(Stored entries)
==========
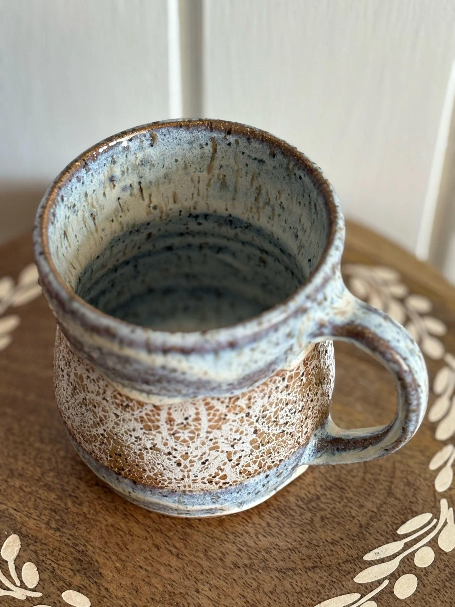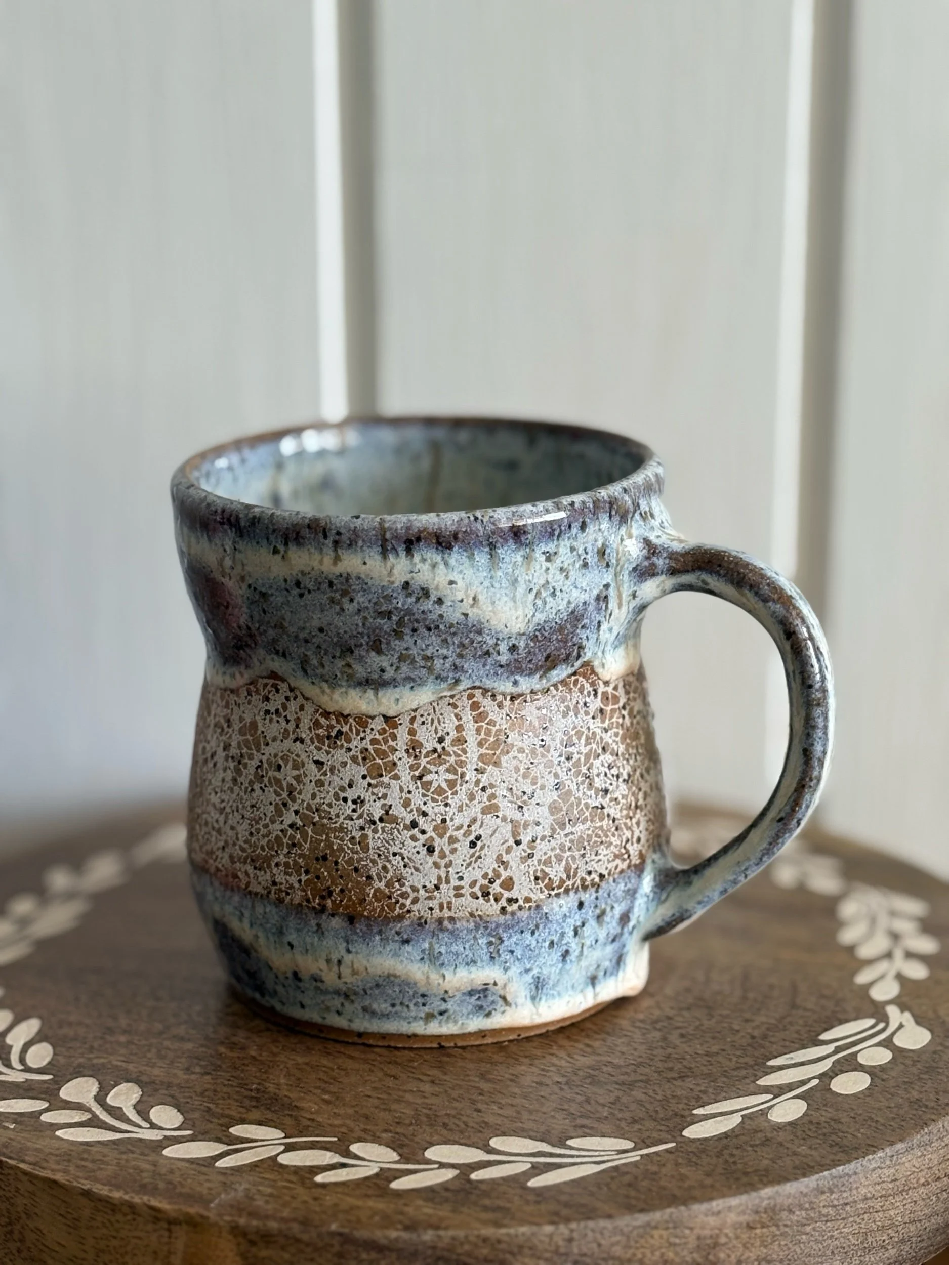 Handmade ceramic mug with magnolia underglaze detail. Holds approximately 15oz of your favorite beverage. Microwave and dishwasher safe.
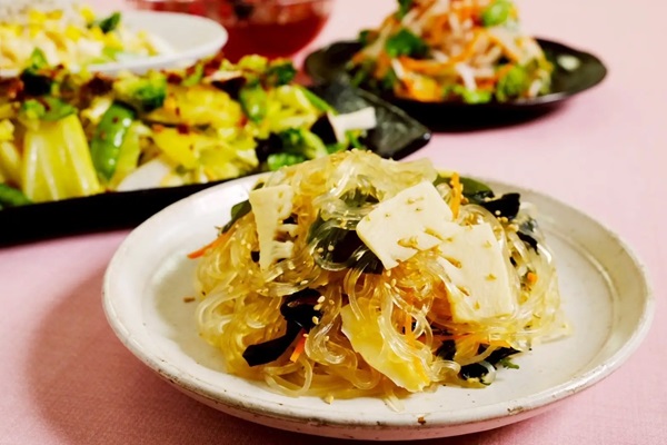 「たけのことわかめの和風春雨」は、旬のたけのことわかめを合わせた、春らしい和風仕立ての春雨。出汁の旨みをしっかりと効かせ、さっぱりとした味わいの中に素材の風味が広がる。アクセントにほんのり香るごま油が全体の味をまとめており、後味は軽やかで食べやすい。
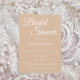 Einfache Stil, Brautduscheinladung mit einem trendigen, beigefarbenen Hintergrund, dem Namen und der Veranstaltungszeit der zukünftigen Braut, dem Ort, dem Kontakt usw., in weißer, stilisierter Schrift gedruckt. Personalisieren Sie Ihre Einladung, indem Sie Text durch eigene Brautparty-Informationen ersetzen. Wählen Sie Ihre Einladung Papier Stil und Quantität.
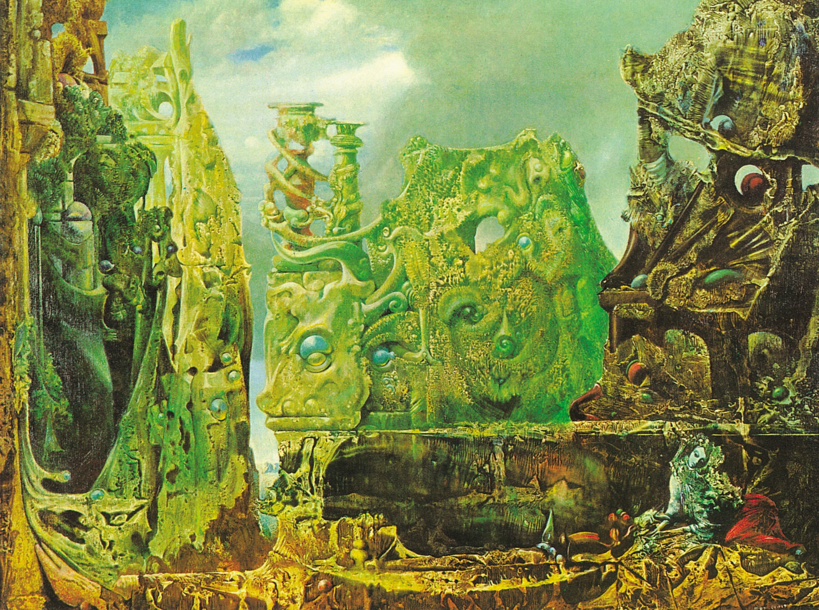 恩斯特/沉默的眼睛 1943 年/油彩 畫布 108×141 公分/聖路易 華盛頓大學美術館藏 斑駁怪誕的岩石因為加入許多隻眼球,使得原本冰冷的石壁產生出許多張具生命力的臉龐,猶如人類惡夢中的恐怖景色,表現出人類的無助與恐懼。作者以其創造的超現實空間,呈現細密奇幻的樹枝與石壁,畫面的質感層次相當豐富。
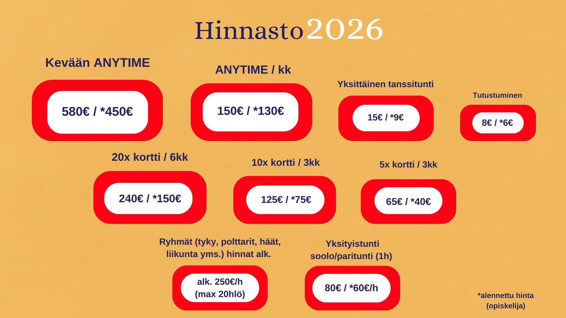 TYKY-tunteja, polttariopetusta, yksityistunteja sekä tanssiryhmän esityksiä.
==========
= Exercise =
The copy you write must hold every record verbatim and none of the pictures.

= Exercise response =
 Handmade ceramic mug with magnolia underglaze detail. Holds approximately 15oz of your favorite beverage. Microwave and dishwasher safe.
 「たけのことわかめの和風春雨」は、旬のたけのことわかめを合わせた、春らしい和風仕立ての春雨。出汁の旨みをしっかりと効かせ、さっぱりとした味わいの中に素材の風味が広がる。アクセントにほんのり香るごま油が全体の味をまとめており、後味は軽やかで食べやすい。
 Einfache Stil, Brautduscheinladung mit einem trendigen, beigefarbenen Hintergrund, dem Namen und der Veranstaltungszeit der zukünftigen Braut, dem Ort, dem Kontakt usw., in weißer, stilisierter Schrift gedruckt. Personalisieren Sie Ihre Einladung, indem Sie Text durch eigene Brautparty-Informationen ersetzen. Wählen Sie Ihre Einladung Papier Stil und Quantität.
 恩斯特/沉默的眼睛 1943 年/油彩 畫布 108×141 公分/聖路易 華盛頓大學美術館藏 斑駁怪誕的岩石因為加入許多隻眼球,使得原本冰冷的石壁產生出許多張具生命力的臉龐,猶如人類惡夢中的恐怖景色,表現出人類的無助與恐懼。作者以其創造的超現實空間,呈現細密奇幻的樹枝與石壁,畫面的質感層次相當豐富。
 TYKY-tunteja, polttariopetusta, yksityistunteja sekä tanssiryhmän esityksiä.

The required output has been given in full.